[Stored entries]
--- START ---

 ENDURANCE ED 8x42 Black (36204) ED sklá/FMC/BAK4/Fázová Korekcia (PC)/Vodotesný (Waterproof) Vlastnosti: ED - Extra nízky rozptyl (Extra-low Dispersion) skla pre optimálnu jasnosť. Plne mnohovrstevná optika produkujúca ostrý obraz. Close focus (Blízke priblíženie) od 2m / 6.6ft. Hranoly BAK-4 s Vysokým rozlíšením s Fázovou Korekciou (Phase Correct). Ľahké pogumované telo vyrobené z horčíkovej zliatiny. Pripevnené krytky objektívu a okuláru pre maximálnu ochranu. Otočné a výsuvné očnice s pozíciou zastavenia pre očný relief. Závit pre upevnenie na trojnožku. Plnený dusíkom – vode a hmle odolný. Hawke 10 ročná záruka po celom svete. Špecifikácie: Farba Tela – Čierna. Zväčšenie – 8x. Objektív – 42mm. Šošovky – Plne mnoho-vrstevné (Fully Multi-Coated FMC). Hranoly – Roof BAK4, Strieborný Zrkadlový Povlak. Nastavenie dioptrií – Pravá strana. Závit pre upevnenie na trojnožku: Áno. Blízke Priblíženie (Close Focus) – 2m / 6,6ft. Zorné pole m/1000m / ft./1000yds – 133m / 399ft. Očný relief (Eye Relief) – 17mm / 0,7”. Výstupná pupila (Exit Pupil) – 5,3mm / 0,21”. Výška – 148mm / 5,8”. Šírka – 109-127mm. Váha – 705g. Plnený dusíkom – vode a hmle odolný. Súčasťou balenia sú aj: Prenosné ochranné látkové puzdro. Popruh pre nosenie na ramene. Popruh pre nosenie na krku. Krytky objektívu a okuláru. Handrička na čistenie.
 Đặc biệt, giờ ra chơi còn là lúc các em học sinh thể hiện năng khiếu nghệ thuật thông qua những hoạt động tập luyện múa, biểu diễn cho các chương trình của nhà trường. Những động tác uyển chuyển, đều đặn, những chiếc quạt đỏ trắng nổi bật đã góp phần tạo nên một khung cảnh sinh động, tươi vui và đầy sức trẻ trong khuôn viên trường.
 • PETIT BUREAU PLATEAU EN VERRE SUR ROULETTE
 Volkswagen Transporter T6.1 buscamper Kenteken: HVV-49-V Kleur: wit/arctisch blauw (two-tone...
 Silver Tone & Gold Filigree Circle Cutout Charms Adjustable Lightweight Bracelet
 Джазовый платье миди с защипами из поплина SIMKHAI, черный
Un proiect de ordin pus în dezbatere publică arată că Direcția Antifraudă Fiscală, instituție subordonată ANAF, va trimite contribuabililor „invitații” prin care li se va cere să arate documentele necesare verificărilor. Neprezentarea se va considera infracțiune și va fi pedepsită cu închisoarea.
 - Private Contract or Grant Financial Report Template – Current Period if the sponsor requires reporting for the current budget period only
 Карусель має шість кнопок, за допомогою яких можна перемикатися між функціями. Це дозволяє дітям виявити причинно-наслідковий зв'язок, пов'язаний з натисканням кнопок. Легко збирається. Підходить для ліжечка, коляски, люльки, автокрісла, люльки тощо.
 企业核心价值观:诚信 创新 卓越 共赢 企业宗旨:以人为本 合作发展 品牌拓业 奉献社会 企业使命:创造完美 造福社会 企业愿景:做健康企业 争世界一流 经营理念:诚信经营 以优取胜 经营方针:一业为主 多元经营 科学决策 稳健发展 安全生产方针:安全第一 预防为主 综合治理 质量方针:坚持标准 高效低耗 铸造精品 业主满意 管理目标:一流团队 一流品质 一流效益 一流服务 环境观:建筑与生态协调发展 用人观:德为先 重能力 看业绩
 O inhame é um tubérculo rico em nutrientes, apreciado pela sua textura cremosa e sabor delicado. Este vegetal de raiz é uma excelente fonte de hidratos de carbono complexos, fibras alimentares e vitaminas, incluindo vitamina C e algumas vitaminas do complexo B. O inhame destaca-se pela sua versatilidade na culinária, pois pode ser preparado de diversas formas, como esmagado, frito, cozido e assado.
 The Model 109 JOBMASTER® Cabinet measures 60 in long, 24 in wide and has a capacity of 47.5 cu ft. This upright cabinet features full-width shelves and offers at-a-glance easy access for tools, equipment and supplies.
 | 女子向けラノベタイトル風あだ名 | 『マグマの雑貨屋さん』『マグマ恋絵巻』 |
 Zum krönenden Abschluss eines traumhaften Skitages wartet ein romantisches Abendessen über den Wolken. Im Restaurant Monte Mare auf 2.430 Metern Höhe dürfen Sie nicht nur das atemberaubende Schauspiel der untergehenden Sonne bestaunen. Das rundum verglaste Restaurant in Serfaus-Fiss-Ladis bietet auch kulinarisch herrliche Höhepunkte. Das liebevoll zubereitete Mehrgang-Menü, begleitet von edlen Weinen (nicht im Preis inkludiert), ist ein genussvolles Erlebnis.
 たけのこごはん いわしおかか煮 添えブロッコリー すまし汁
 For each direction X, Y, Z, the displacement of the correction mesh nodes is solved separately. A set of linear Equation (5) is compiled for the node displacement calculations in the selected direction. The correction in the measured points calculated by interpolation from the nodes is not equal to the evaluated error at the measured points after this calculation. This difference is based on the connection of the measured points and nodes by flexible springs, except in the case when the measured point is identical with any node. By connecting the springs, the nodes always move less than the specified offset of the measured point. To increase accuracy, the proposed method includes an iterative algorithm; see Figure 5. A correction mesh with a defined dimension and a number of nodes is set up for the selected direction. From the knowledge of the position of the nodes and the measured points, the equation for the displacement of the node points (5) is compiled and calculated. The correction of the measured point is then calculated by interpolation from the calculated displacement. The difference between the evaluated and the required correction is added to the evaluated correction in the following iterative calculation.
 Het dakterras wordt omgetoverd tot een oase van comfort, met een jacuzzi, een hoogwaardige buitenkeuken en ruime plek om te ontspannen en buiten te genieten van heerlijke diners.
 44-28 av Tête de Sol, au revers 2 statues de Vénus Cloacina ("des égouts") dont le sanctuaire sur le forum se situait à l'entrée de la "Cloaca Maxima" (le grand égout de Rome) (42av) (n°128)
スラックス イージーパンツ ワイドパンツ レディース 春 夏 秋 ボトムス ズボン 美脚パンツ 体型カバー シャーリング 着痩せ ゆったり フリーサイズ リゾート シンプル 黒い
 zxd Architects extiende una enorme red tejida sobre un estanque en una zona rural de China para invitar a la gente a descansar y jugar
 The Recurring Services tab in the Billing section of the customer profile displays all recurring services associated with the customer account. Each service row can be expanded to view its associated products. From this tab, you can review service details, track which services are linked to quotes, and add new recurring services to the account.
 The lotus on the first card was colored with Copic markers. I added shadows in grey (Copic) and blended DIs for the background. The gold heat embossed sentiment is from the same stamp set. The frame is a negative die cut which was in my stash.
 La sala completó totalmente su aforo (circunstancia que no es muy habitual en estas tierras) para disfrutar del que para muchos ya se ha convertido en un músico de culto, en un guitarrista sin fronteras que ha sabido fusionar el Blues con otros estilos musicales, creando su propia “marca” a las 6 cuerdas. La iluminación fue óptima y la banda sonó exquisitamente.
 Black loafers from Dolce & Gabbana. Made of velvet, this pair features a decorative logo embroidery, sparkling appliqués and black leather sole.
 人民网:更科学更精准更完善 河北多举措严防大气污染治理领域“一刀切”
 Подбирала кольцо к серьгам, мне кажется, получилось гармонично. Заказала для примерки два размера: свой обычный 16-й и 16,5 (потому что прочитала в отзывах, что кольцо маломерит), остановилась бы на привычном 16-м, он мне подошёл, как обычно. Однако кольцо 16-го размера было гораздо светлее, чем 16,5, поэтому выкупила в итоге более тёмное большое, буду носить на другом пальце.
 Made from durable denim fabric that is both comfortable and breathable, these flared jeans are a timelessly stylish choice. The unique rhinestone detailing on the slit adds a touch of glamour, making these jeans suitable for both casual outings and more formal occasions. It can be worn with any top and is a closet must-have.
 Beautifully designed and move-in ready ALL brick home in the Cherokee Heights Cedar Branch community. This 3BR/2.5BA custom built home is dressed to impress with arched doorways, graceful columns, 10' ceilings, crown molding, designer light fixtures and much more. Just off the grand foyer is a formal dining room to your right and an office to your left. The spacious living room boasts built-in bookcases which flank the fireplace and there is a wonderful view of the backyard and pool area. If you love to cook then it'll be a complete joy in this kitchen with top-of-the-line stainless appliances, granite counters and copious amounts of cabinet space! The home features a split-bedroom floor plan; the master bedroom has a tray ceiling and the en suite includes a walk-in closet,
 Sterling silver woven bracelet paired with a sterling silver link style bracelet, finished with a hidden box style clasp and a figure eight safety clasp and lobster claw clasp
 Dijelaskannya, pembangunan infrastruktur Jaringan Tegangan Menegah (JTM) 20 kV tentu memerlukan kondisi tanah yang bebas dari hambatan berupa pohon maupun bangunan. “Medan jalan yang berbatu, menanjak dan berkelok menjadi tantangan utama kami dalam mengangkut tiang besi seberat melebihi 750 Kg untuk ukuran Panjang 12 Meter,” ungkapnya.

--- END ---

EXERCISE OBJECTIVE
Nothing but the lines from the one holding "Sterling silver woven" to the end of the entries should be output, each exactly as it appears.

SOLUTION TO THIS TASK
 Sterling silver woven bracelet paired with a sterling silver link style bracelet, finished with a hidden box style clasp and a figure eight safety clasp and lobster claw clasp
 Dijelaskannya, pembangunan infrastruktur Jaringan Tegangan Menegah (JTM) 20 kV tentu memerlukan kondisi tanah yang bebas dari hambatan berupa pohon maupun bangunan. “Medan jalan yang berbatu, menanjak dan berkelok menjadi tantangan utama kami dalam mengangkut tiang besi seberat melebihi 750 Kg untuk ukuran Panjang 12 Meter,” ungkapnya.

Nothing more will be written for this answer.